* **AVAILABLE DATA**
- - - -
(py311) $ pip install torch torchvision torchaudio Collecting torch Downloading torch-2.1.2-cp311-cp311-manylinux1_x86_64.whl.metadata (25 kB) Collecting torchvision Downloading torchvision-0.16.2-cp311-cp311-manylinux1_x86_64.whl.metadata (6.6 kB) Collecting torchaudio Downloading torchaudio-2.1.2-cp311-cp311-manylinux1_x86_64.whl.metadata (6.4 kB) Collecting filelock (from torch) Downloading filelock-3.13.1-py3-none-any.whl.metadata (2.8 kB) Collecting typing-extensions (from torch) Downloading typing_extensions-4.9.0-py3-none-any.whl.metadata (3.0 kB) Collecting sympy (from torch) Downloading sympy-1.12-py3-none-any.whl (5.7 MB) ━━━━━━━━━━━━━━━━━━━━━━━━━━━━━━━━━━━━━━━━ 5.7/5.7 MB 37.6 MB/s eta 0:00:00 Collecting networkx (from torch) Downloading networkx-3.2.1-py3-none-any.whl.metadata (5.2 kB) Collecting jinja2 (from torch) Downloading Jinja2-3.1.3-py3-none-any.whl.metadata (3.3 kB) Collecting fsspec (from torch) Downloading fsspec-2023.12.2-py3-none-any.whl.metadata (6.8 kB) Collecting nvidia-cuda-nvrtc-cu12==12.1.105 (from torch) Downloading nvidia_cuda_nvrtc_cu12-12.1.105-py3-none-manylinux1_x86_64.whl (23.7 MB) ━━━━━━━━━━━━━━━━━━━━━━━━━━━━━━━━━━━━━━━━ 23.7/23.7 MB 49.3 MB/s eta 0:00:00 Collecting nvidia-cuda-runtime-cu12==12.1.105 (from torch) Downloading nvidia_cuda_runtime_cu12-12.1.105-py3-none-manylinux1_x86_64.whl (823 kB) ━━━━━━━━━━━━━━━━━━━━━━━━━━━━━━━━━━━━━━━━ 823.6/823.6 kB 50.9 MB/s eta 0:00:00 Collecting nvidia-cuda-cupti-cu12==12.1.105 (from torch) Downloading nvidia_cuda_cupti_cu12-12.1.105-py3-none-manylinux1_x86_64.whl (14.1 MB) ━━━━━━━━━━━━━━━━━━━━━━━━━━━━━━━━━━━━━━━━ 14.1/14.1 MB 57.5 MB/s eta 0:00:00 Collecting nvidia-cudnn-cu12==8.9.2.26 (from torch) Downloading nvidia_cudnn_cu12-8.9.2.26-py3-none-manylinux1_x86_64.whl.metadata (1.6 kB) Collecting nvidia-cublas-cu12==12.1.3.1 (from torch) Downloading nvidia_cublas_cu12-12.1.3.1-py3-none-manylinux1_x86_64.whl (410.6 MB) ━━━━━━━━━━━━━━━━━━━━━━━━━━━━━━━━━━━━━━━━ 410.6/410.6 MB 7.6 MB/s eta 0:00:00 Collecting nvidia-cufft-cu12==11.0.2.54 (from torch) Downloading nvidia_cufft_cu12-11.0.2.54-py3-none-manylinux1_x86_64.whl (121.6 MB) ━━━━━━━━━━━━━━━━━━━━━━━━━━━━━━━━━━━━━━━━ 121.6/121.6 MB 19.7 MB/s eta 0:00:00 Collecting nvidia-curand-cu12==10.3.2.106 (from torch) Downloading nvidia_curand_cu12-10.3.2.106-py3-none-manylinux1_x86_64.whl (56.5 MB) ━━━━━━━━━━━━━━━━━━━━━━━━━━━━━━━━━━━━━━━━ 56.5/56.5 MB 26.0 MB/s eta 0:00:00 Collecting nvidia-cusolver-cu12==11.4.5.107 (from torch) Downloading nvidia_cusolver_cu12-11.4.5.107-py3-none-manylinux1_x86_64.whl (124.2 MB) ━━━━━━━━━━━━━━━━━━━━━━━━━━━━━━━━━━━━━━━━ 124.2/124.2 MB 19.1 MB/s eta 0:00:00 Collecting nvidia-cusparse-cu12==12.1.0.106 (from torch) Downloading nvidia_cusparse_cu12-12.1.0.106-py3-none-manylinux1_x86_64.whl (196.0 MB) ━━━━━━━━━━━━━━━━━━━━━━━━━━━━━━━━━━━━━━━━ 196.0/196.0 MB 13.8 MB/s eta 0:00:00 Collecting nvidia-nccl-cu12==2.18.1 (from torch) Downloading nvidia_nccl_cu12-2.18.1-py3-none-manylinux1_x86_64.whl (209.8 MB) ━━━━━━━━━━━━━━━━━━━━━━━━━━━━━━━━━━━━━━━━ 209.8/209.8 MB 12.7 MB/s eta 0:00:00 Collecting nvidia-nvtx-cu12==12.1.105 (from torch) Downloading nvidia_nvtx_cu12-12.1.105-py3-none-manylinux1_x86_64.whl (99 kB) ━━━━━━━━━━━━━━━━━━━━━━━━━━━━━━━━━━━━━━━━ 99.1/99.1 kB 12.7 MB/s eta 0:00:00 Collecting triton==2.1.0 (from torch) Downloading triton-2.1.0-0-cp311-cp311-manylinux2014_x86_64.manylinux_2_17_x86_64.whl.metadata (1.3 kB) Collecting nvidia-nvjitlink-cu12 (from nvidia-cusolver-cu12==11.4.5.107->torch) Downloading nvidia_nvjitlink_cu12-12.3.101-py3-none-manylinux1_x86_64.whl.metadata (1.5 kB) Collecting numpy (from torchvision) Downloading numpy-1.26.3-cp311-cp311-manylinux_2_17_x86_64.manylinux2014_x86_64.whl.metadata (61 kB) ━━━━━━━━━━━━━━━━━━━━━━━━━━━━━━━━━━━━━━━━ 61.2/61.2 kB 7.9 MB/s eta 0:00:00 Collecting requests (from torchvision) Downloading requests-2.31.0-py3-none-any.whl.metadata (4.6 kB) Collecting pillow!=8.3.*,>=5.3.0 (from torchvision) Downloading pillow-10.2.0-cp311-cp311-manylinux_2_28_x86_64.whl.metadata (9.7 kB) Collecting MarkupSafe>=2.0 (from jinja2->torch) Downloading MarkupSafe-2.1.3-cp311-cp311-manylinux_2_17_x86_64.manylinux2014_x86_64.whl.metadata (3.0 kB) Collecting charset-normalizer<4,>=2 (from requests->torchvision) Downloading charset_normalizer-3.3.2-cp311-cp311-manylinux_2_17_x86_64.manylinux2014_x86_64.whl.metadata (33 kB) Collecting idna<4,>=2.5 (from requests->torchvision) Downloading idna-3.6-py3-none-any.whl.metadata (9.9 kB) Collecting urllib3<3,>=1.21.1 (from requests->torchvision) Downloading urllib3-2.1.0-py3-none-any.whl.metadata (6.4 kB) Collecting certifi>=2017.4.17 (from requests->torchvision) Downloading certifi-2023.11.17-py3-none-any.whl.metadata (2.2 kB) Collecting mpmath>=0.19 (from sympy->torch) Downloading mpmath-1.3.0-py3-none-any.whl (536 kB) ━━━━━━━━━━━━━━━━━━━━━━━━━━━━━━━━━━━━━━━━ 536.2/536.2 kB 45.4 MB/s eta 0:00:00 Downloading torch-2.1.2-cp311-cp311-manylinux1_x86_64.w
- - - -
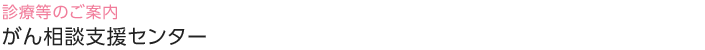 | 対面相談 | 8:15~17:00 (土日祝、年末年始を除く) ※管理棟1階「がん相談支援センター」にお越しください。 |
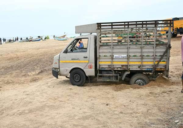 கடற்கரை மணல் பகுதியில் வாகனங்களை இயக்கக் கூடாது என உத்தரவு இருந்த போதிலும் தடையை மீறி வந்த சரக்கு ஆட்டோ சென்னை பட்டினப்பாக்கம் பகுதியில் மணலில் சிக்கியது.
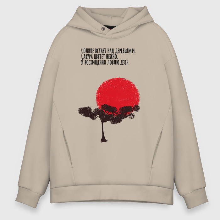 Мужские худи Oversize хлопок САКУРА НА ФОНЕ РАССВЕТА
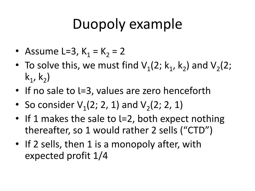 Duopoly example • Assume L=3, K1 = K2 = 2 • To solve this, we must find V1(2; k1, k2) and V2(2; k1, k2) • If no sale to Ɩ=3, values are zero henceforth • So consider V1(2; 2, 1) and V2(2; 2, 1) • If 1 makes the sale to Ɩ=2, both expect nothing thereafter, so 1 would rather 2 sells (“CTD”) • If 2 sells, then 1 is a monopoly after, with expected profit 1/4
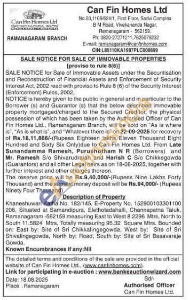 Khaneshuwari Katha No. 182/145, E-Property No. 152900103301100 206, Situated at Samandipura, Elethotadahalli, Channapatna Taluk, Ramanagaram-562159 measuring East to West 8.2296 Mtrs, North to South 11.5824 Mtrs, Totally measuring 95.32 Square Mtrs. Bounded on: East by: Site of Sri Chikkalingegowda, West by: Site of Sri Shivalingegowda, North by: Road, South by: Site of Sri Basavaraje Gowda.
- - - -
* **EXERCISE INSTRUCTIONS**
Write out the lines above from the one with "Мужские худи Oversize" through the one with "Khaneshuwari Katha No.", ends included, exactly; no picture goes in.

* **THE COMPLETED TASK**
 Мужские худи Oversize хлопок САКУРА НА ФОНЕ РАССВЕТА
 Duopoly example • Assume L=3, K1 = K2 = 2 • To solve this, we must find V1(2; k1, k2) and V2(2; k1, k2) • If no sale to Ɩ=3, values are zero henceforth • So consider V1(2; 2, 1) and V2(2; 2, 1) • If 1 makes the sale to Ɩ=2, both expect nothing thereafter, so 1 would rather 2 sells (“CTD”) • If 2 sells, then 1 is a monopoly after, with expected profit 1/4
 Khaneshuwari Katha No. 182/145, E-Property No. 152900103301100 206, Situated at Samandipura, Elethotadahalli, Channapatna Taluk, Ramanagaram-562159 measuring East to West 8.2296 Mtrs, North to South 11.5824 Mtrs, Totally measuring 95.32 Square Mtrs. Bounded on: East by: Site of Sri Chikkalingegowda, West by: Site of Sri Shivalingegowda, North by: Road, South by: Site of Sri Basavaraje Gowda.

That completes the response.